Warren County's first permanent residents arrived in the 1790s. In November 1795, one William Bedle, a New Jerseyan, purchased Section 28 of modern Turtle Creek Township, where he erected a fortified log house, thereafter known as "Bedle's Station." (This home stood due south of Union Village.) Concurrently, a party of Marylanders — led by William Mounts (1762 – ca. 1808) — selected a spot on the Little Miami River's south bank, and built "Mounts' Station," a collection of log dwellings arranged in such a fashion as to dissuade attack. In 1796, less than a year later, surveyors platted Deerfield (now South Lebanon), Franklin, and Waynesville. By 1803, when it was cleaved from Hamilton, Warren accommodated 854 adult males (2); and, by 1810, nearly 10,000 souls called the county home. The Irish writer Thomas Ashe visited (or claimed to have visited) Warren County in August 1806 and described Lebanon (and its environs) thusly:
The remaining fifteen miles to Lebanon [from the Hamilton County border] were nearly the best I ever viewed, and settled considerably for so new a country. The farms were numerous, well improved, and the houses and barns on them built with great care and industry. 
Lebanon contains about two hundred inhabitants, dwelling in about forty neat log and frame houses.

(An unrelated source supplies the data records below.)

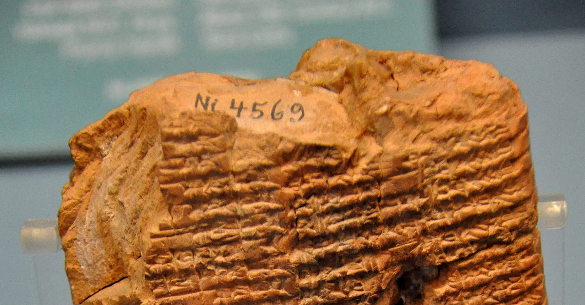This terracotta cuneiform tablet is about the myth of "Inanna prefers the farmer." In this myth, Enkimdu (the god of farming) and Dumuzi (the god of food and vegetation) tried to win the hand of the goddess Inanna. From Nippur (modern Nuffar, Al-Qadisiyah Governorate, Iraq), southern Mesopotamia. Sumerian, 1st half of the 2nd millennium BCE. (Istanbul Archeological Museums/Ancient Orient Museum, Istanbul, Turkey).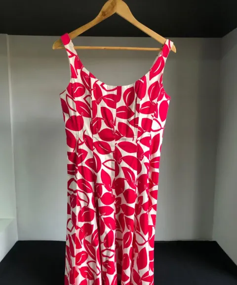 Vestido corto en blanco con flores fiucsa.Talla 6Tela stretchCierre en el costadoDa muy bonita forma en la cintura97% algodón, 3% spandex Se lava en secoMedidas: Axila a axila: 44 cmLargo: 94 cm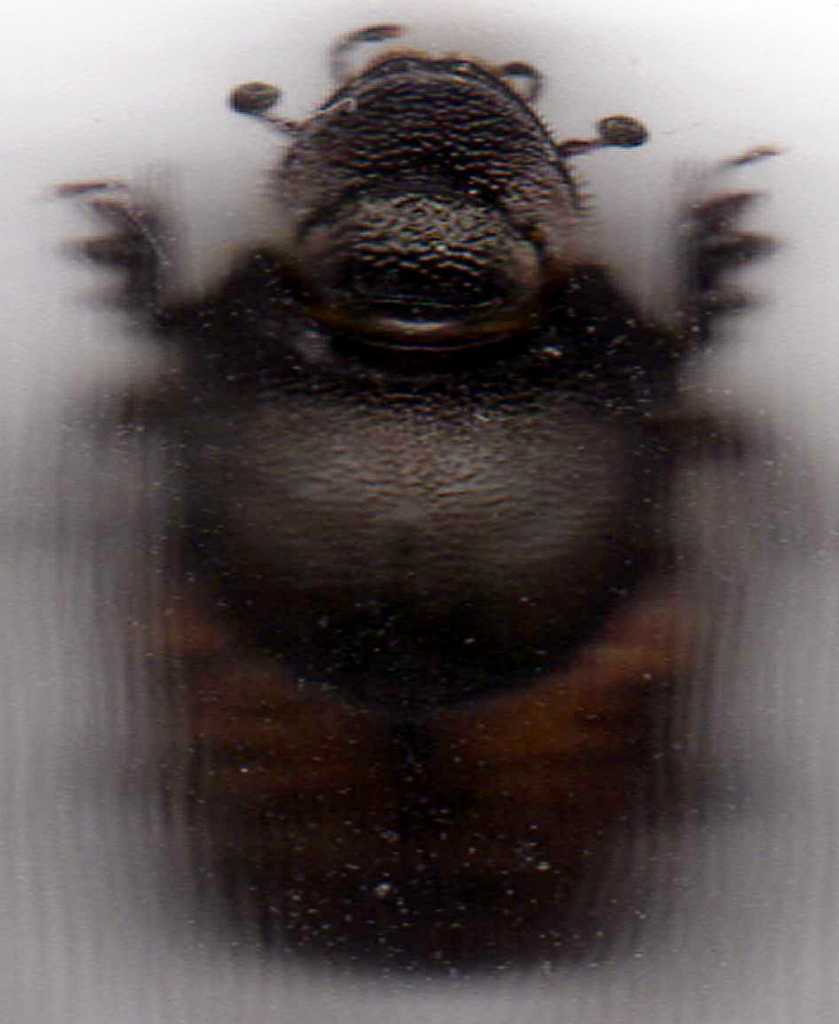 Finalmente ho avuto un po' di tempo per ricontrollare l'Onthophagus X Sinceramente non ho ancora capito bene il discorso sulle suture genali  (quanta pazienza ci vuole con me  )... Ho capito dove sono, ma non sono sicuro di aver capito bene il significato di "auricolate"... Penso di aver capito guardando un po' di foto di O. fracticornis, ma cercando la definizione sia sul dizionario che in rete sembra che la parola non esista Comunque... Ho provato a fare un paio di "foto" della testa, sono sufficienti? Riguardo alle epipleure... A me sembrano proprio dello stesso giallo ocra del disco elitrale; solo la parte più vicina alla base delle elitre è scura, ma non proprio nera.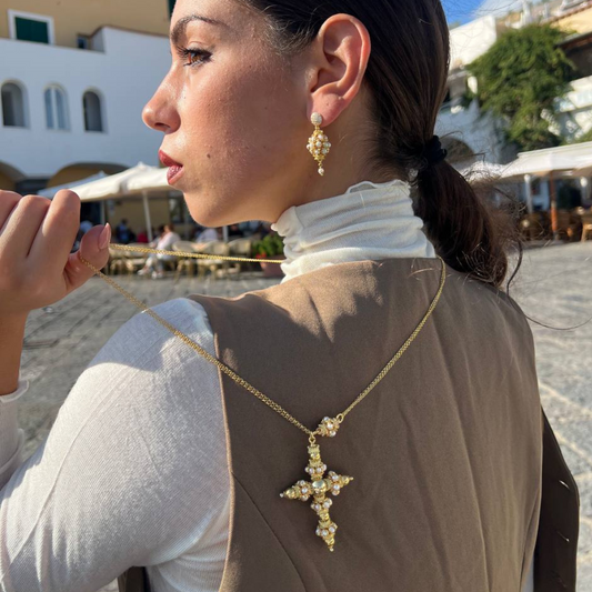Collana in Argento 925 dorato con Croce modello Elegant con mezze mine in Perle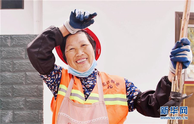 5月8日,湖南省江永縣瀟浦鎮(zhèn)永陽路,環(huán)衛(wèi)工人唐翠英面帶微笑在清掃間隙小憩。 當(dāng)日是世界微笑日。 新華社發(fā)(田如瑞 攝)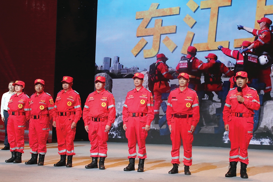 惠州市心連心公益協(xié)會(huì)黨支部書(shū)記、戰(zhàn)旗救撈隊(duì)隊(duì)長(zhǎng)趙喜昌帶領(lǐng)團(tuán)隊(duì)上臺(tái)宣講;葜萑?qǐng)?bào)記者鐘暢新 攝
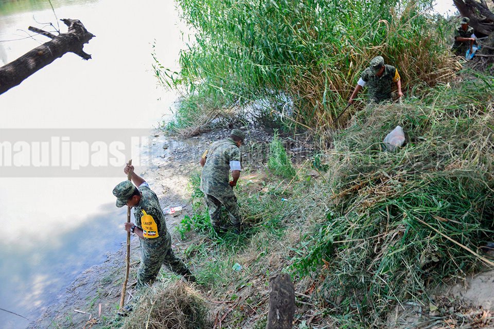 En Nuevo Laredo realiza Sedena limpieza del río Bravo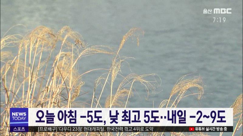 울산은 오늘(12/6) 대체로 맑은 가운데 북서쪽에서 찬 공기가 유입되면서 올 겨울 들어 가장 춥고 건조한 날씨를 보이고 있습니다. 오늘 아침 최저 기온은 영하 5도까지 떨어진 가운데 낮 최고 기온은 5도에 그치겠습니다. 토요일인 내일도 대체로 맑겠으며, 기온은 아침 최저 영하 2도 낮 최고 9도의 분포가 예상됩니다. ...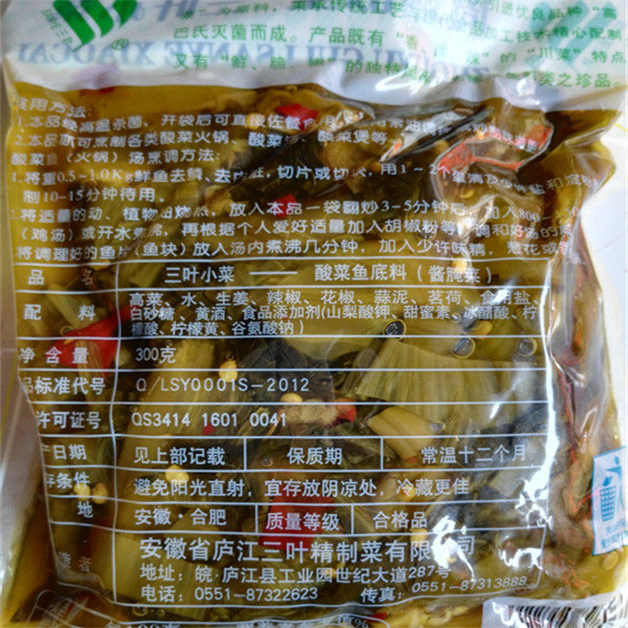 Jiangsu, Zhejiang, Shanghai and Anhui 6 yuan unlimited weight Anhui Lujiang three-leaf side dish sauerkraut fish seasoning 300g pure sauerkraut hot pot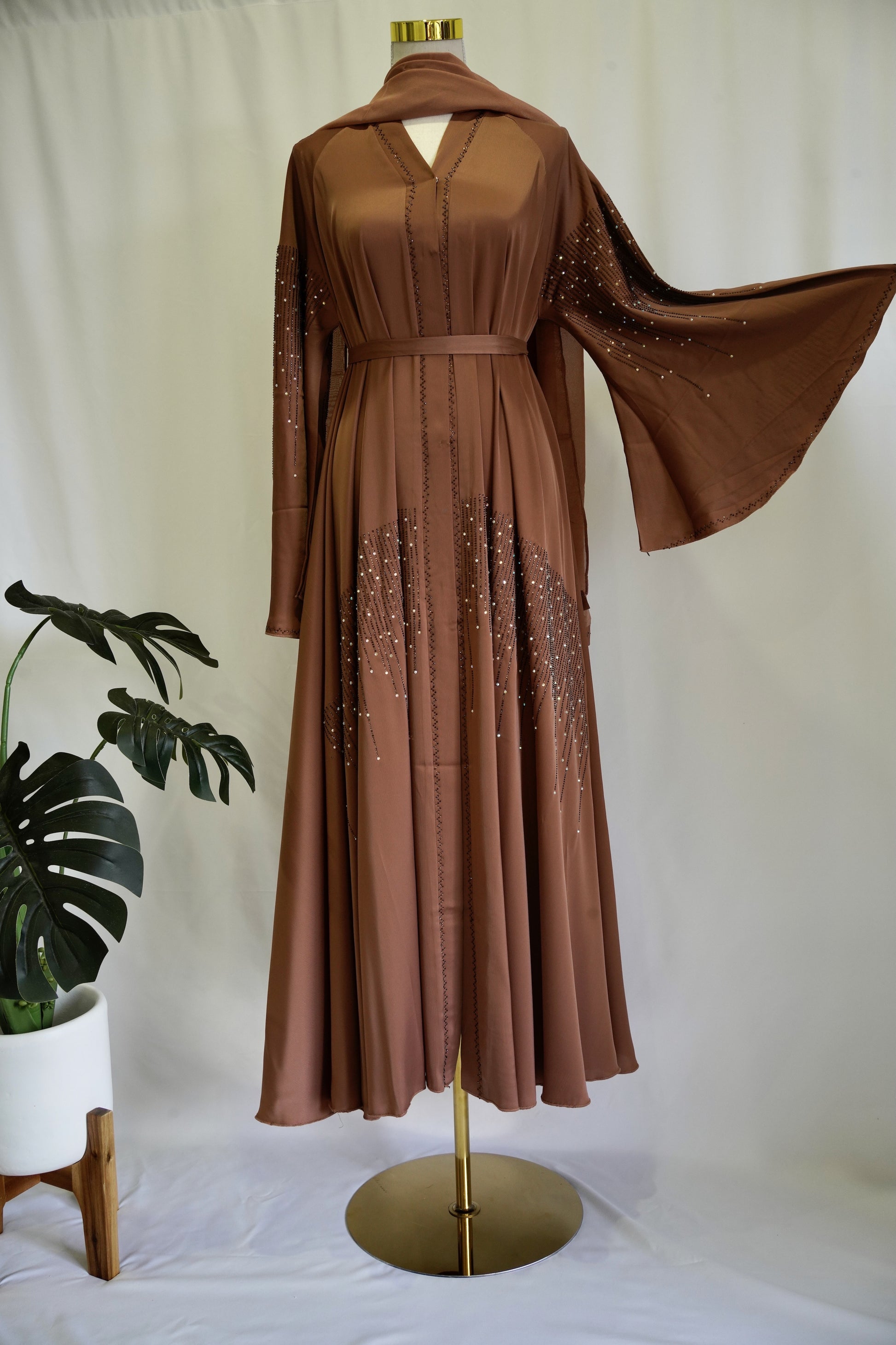 Introducing the Marwa Abaya, a luxurious bronze, silky umbrella-cut design that flows effortlessly with every step. Adorned with a dazzling arrangement of bronze and multicoloured stonework throughout, this piece catches the light beautifully, creating an elegant sparkle in motion. With its rich sheen and graceful drape, the Marwa Abaya is designed to make you feel truly radiant.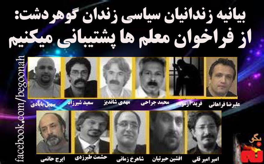 #بگونه: زندانيان سياسي زندان گوهردشت كرج با انتشار بيانيه اي از فراخوان معليمن و فرهنگيان براي تجمع اعتراضي در سراسر كشور حمايت كردند.

A place of worship and school-house are also erected, and the town in every respect bids fair to prosper and encrease with unprecedented success. Seated in the midst of the finest tract of land in the world, and that tract already thickly settled by a hardy and industrious people, it cannot fail to succeed[.] . . . The inhabitants, though few, are composed of several nations, who unite in forming a character of a laborious and religious cast. Their industry is manifest in the extensive improvements and comfortable abodes; all effected within the space of five years[.] (3)
Hyperbole notwithstanding, Ashe's anecdote is accurate enough. In the nineteenth century's opening decades, Warren County far outpaced its northern and eastern neighbors in prosperity. Yes, portions of Harlan and Washington townships — those marked by level, ill-drained, silty Illinoian till — remained little-populated until mid-century, but the county, in toto, enjoyed a prosperous existence.

I'll end my bloviating here, and save a discussion of Warren County's architecture (and regional history) for the next post.

1) Henry Howe, Historical Collections of Ohio, Volume I (1889), 740.

2) This estimate, provided by Beers' 1882 History of Warren County, Ohio, is no doubt inaccurate, and includes residents of Clinton County's western half, which, until 1810, remained within Warren County.

3) Travels in America Performed in 1806, Volume II (1808), 209–211.